In this paper, we explore the problem of minimizing transmission cost among cooperative nodes by jointly optimizing caching and routing in a hybrid network with vital support of service differentiation. We show that the optimal routing policy is a route-to-least cost-cache (RLC) policy for fixed caching policy. We formulate the cooperative caching problem as a multi-agent Markov decision process (MDP) with the goal of maximizing the long-term expected caching reward, which is NP-complete even when assuming users’ demand is perfectly known. To solve this problem, we propose C-MAAC, a partially decentralized multi-agent deep reinforcement learning (MADRL)-based collaborative caching algorithm employing actor-critic learning model. C-MAAC has a key characteristic of centralized training and decentralized execution, with which the challenge from unstable training process caused by simultaneous decision made by all agents can be addressed. Furthermore, we develop an optimization method as a criterion for our MADRL framework when assuming the content popularity is stationary and prior known. Our experimental results demonstrate that compared with the prior art, C-MAAC increases an average of 21.7% caching reward in dynamic environment when user request traffic changes rapidly.

查看原文

微信好友朋友圈 QQ好友复制链接

本刊更多论文

异构网络中基于多代理强化学习的联合缓存和路由选择

在本文中，我们探讨了在混合网络中通过联合优化缓存和路由来最小化合作节点间传输成本的问题，并对服务差异化提供了重要支持。我们证明，在固定缓存策略下，最优路由策略是路由到最小成本缓存（RLC）策略。我们将合作缓存问题表述为多代理马尔可夫决策过程（MDP），目标是最大化长期预期缓存回报，即使假设用户需求完全已知，该问题也是 NP-complete。为了解决这个问题，我们提出了一种基于多代理深度强化学习（MADRL）的部分去中心化协同缓存算法--C-MAAC，该算法采用了行动者批判学习模型。C-MAAC具有集中训练和分散执行的主要特点，可以解决所有代理同时做出决策导致训练过程不稳定的难题。此外，我们还开发了一种优化方法，作为我们的 MADRL 框架在假定内容流行度是静态和先验已知时的标准。实验结果表明，与现有技术相比，C-MAAC 在用户请求流量快速变化的动态环境中平均提高了 21.7% 的缓存奖励。

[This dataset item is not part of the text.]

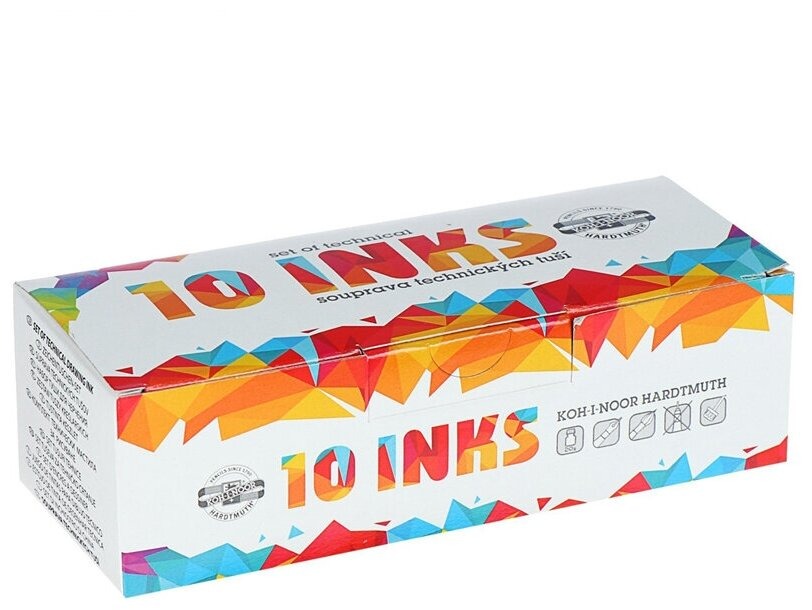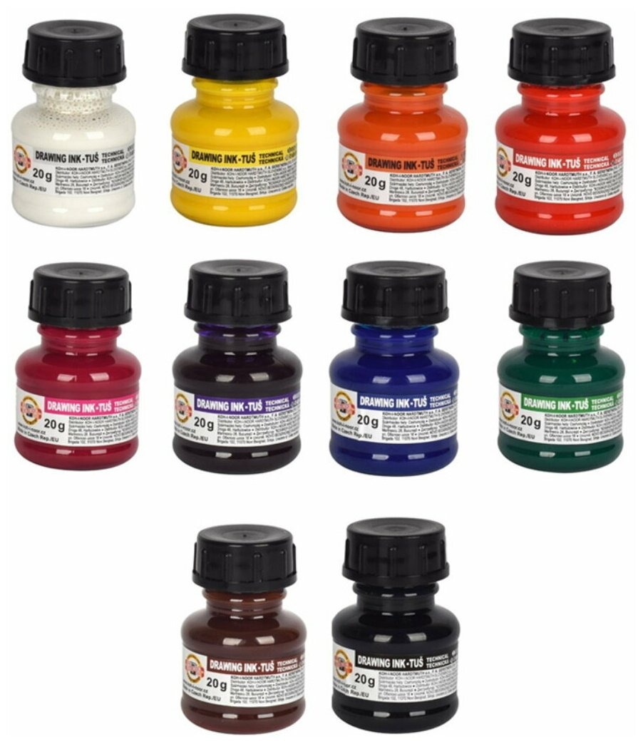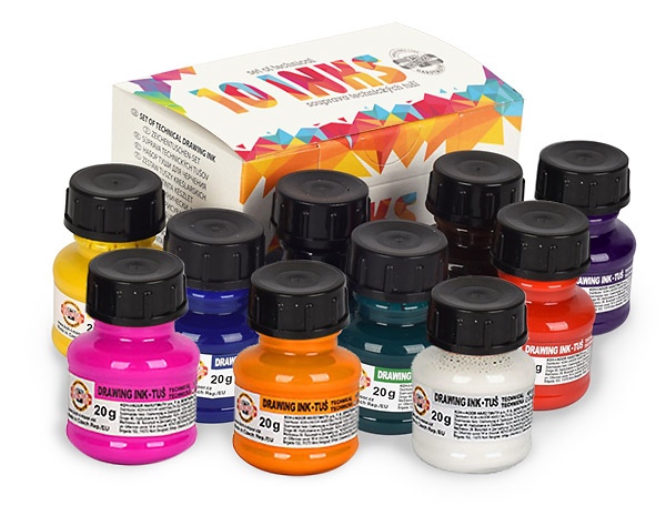 Тушь для рисования Koh-i-noor drawing ink. Тушь произведены на водной основе и подходит для нанесения с помощью кисточки или пера-макалки. Тушь после высыхания становится устойчива к воде и позволяет работать в смешанных техниках. Тушь разлита в небольшие пластиковые бутылочки объемом 20 мл.

本文章由计算机程序翻译，如有差异，请以英文原文为准。

求助全文

约1分钟内获得全文去求助

来源期刊

IEEE Transactions on Cognitive Communications and Networking Computer Science-Artificial Intelligence

CiteScore

15.50

自引率

7.00%

发文量

108

期刊介绍： The IEEE Transactions on Cognitive Communications and Networking (TCCN) aims to publish high-quality manuscripts that push the boundaries of cognitive communications and networking research. Cognitive, in this context, refers to the application of perception, learning, reasoning, memory, and adaptive approaches in communication system design. The transactions welcome submissions that explore various aspects of cognitive communications and networks, focusing on innovative and holistic approaches to complex system design. Key topics covered include architecture, protocols, cross-layer design, and cognition cycle design for cognitive networks. Additionally, research on machine learning, artificial intelligence, end-to-end and distributed intelligence, software-defined networking, cognitive radios, spectrum sharing, and security and privacy issues in cognitive networks are of interest. The publication also encourages papers addressing novel services and applications enabled by these cognitive concepts.